Dunque, le vittorie dei rivoluzionari erano il risultato di un nuovo tipo di professionismo. Non bisogna, proprio per questo, trascurare il fattore politico. La conduzione della guerra era uno dei compiti più importanti che incombevano ai grandi comitati, i quali interpretavano il loro ruolo in modo estremamente interventistico. I rappresentanti in missione si recavano sovente presso le armate, così come nei dipartimenti, per controllare che la conduzione della guerra si ispirasse alle istruzioni politiche date antecedentemente. I commissari alla guerra mantenevano una presenza politica fin nei battaglioni stessi. Anche nelle battaglie l’autorità militare non si distingueva chiaramente dal controllo politico, poiché i rappresentanti potevano sconfessare gli ufficiali responsabili quando ritenevano che le circostanze lo imponessero.
Questo non era tuttavia un atteggiamento condiviso a livello continentale.

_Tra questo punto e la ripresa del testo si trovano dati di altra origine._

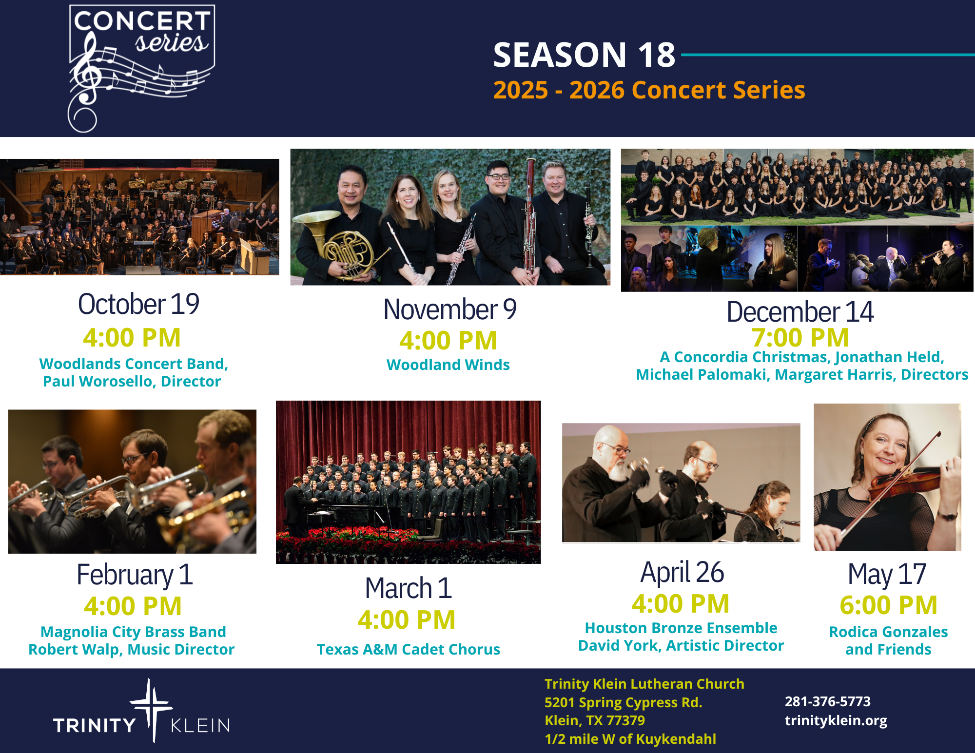 Trinity carries forward a rich Lutheran tradition of incorporating rich music into worship and educational life. Martin Luther said, ”Next to the Word of God the noble art of music is the greatest treasure in the world,” and we at Trinity Klein value and see music as one of God’s greatest gifts. Whether the worship style is traditional or contemporary, Trinity has a long standing history of striving for musical excellence.

Mentre nelle armate degli altri paesi si dispiegava il massimo sforzo per estirpare tutto ciò che prendeva una connotazione politica, la repubblica cercò volontariamente di politicizzare i soldati. Essi erano, dopo tutto, dei cittadini, e godevano in quanto tali delle libertà politiche. Potevano votare, prendere parte a manifestazioni, costituire club nell’ambito dell’armata o frequentare quelli delle città nelle quali erano di stanza. Si distribuivano dei giornali ai soldati per completare adeguatamente la loro educazione politica. Le arringhe contribuivano a rafforzare la motivazione degli uomini alla vigilia di una battaglia, e ci si serviva delle feste patriottiche per illustrare la politica in modo vivo e concreto.
Insomma, la politicizzazione dell’esercito divenne pratica comune in Francia, e fu uno degli elementi vincenti che contraddistinse l’esercito rivoluzionario.